= Robert D. Linder =

American historian and professor (1933–2021)

Robert Dean Linder (October 6, 1933 – April 4, 2021) was an American historian, Distinguished Professor of history at the Department of History of the Kansas State University.

Linder earned his B.S. from Kansas State Teachers College, his B.D. and M.R.E. from Central Baptist Theological Seminary, and his M.A. and Ph.D. from the University of Iowa.
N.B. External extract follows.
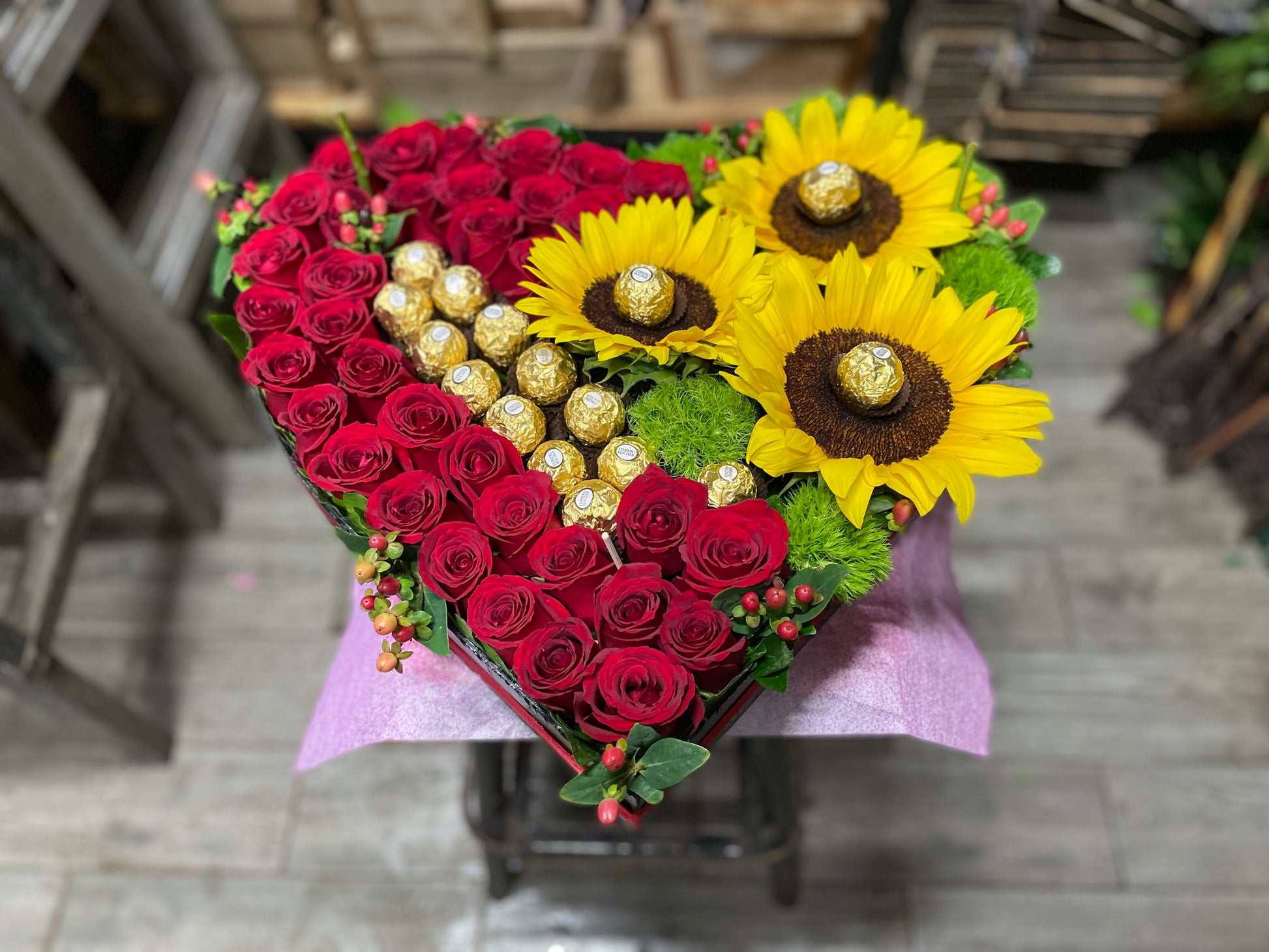 corazon de rosas rojas con 16 ferreros y 3 girasoles. caja de 40 x 40 cm.

Linder was mayor of Manhattan, Kansas in 1971–1972.

==Political views==

Robert D. Linder was known for speaking out against war profiteering. With Richard Pierard and Robert Clouse, Linder edited two significant books that spoke against conservative evangelical politics generally and the Vietnam War specifically. "The immorality and corruption of the South Vietnamese government, combined with lessons from history about futility of waging a land war in Asia" convinced Linder that the war was both wrong and an "impossible situation".

==Bibliography==
Robert D Linder's publications include:

- "Pierre Viret on War and Peace," Calvin Theological Journal; vol. 48 (June 2013): 122–130.
- "Reformation Studies in the Early Twenty-First Century," Occasional Paper No. 6, The Australian College of Theology, September 2012, 1–16.
- The Reformation Era (London: Greenwood Press, 2008).
- Co-editor and contributor, Making History for God: Essays on Evangelicalism, Revival and Mission (Sydney: Robert Menzies College, 2004).
- The History of the Church (rev. ed., London: Angus Hudson Ltd, 2002).
- The Fountain of Public Prosperity: Evangelical Christians in Australian History 1740–1914 (co-authored with Stuart Piggin)
- The Long Tragedy: Australian Evangelical Christians and the Great War, 1914-1918 (Adelaide: Openbook Publishers, 2000). ISBN 978-0859109130.
- Co-editor, author of the Introduction and contributor, A Dictionary of Christianity in America (Chicago: IV Press, 1990). ISBN 978-0-8308-1776-4.
- Civil Religion & the Presidency. Academie Books, 1988. (with Richard Pierard).
- Twilight of the Saints: Biblical Christianity & Civil Religion in America. InterVarsity Press, 1978. (with Richard Pierard).
- Politics: A Case for Christian Action. InterVarsity Press, 1973. (with Richard Pierard).
- The Cross & the Flag. Creation House, 1972. (with Robert G. Clouse and Richard Pierard).
- Protest and Politics: Christianity and Contemporary Affairs. Attic Press, 1968. (with Robert G. Clouse and Richard Pierard).